Intramolecular Simmons-Smith cyclopropanation. Studies into the reactivity of alkyl-substituted zinc carbenoids, effect of directing groups and synthesis of bicyclo[n.1.0]alkanes.

An intramolecular Simmons-Smith (IMSS) cyclopropanation has been developed, providing a novel method for the construction of substituted bicycloalkanes. First, functionalized gem-diiodoalkanes containing allylic alcohols were prepared in high yield. Then the intramolecular cyclization to form different ring sizes was investigated and proved to be successful for the synthesis of bicyclo[3.1.0]hexanes and bicyclo[4.1.0]heptanes. Larger chain lengths led to terminal alkene-containing products.
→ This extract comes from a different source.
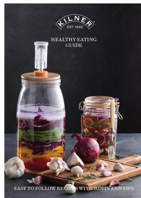
Kilner® Healthy Eating Guide W10.5 x H14.5 inch 6500.089

Analysis of the product distribution for the different ring sizes and under various reaction conditions provided insight into the reactivity of substituted zinc carbenoids, and by the appropriate choice of conditions cyclopropanation could be promoted over alternative reaction pathways. Next the ability of allylic groups to promote the IMSS reaction by directing the zinc carbenoid was examined for the formation of bicycloheptanes. A scale of 'directing-ability' for these allylic groups has been rationalized, with an OMOM directing group providing the greatest enhancement in formation of the bicycle. Finally, the scope of the cyclization in forming substituted bicyclo[3.1.0]hexanes was explored. Substitution on the alkene and at the allylic position was well tolerated, providing the bicyclic products in high yields. Additionally, the IMSS reaction allowed a highly diastereoselective synthesis of a 5-3-5 fused tricycloalkane. These studies will have implications for the use of substituted carbenoids in cyclopropanation reactions and for directed cyclopropanation reactions as well as in the synthesis of substituted bicycloalkanes.